What is being asked —
Exclude the pictures and set down, unaltered, the lines from the one that holds "Rukometni klub Zadar" through the end of the data.

*** Supplied data Section Begins ***

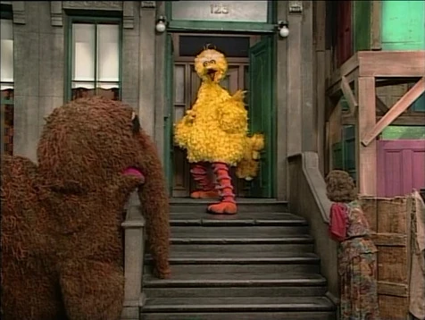 SCENE 1 | Snuffy and Ruthie come across Big Bird, who wants to show them "the most amazing thing in the world." He demonstrates using the front door of 123 Sesame Street (and through song) how he can be outside and inside at the same time. |
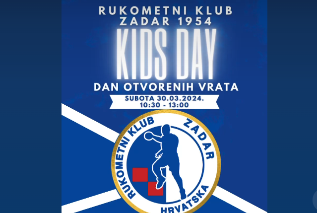 Rukometni klub Zadar 1954 poziva nas da se pridružimo na povijesnom mjestu- na zadarskom Forumu, ispred Crkve svetog Donata – gdje će u subotu, 30. ožujka, u trajanju 10:30-13:00 organizirati -“Kids day”, u sklopu kojega će predstaviti -Školu rukometa i sam Klub našim sugrađanima.
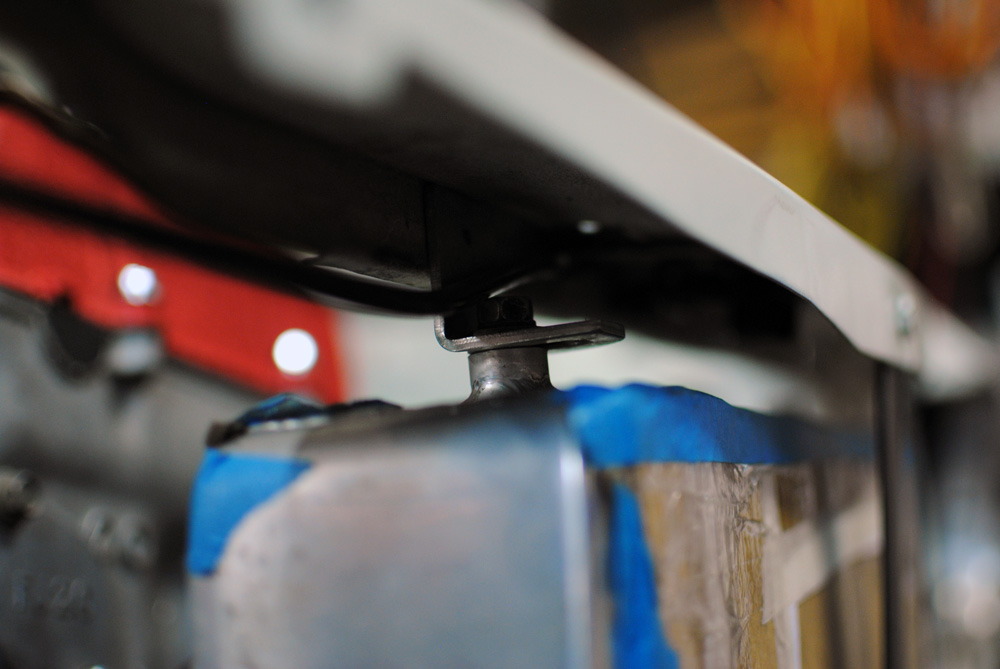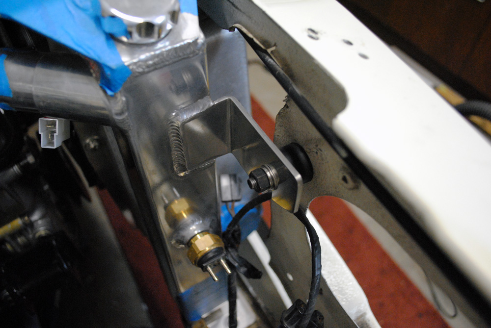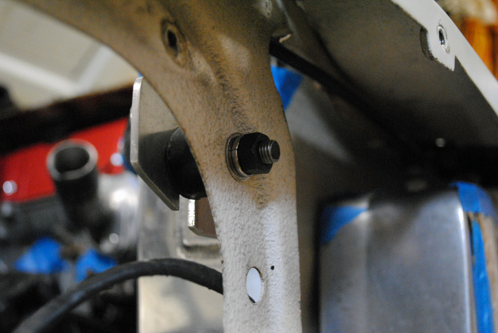 Instead of having a nut and bolt setup, I welded nuts to the back of the radiator support to make it easier for me to bolt the brackets in.

*** Supplied data Section Ends ***

Your response —
 Rukometni klub Zadar 1954 poziva nas da se pridružimo na povijesnom mjestu- na zadarskom Forumu, ispred Crkve svetog Donata – gdje će u subotu, 30. ožujka, u trajanju 10:30-13:00 organizirati -“Kids day”, u sklopu kojega će predstaviti -Školu rukometa i sam Klub našim sugrađanima.
 Instead of having a nut and bolt setup, I welded nuts to the back of the radiator support to make it easier for me to bolt the brackets in.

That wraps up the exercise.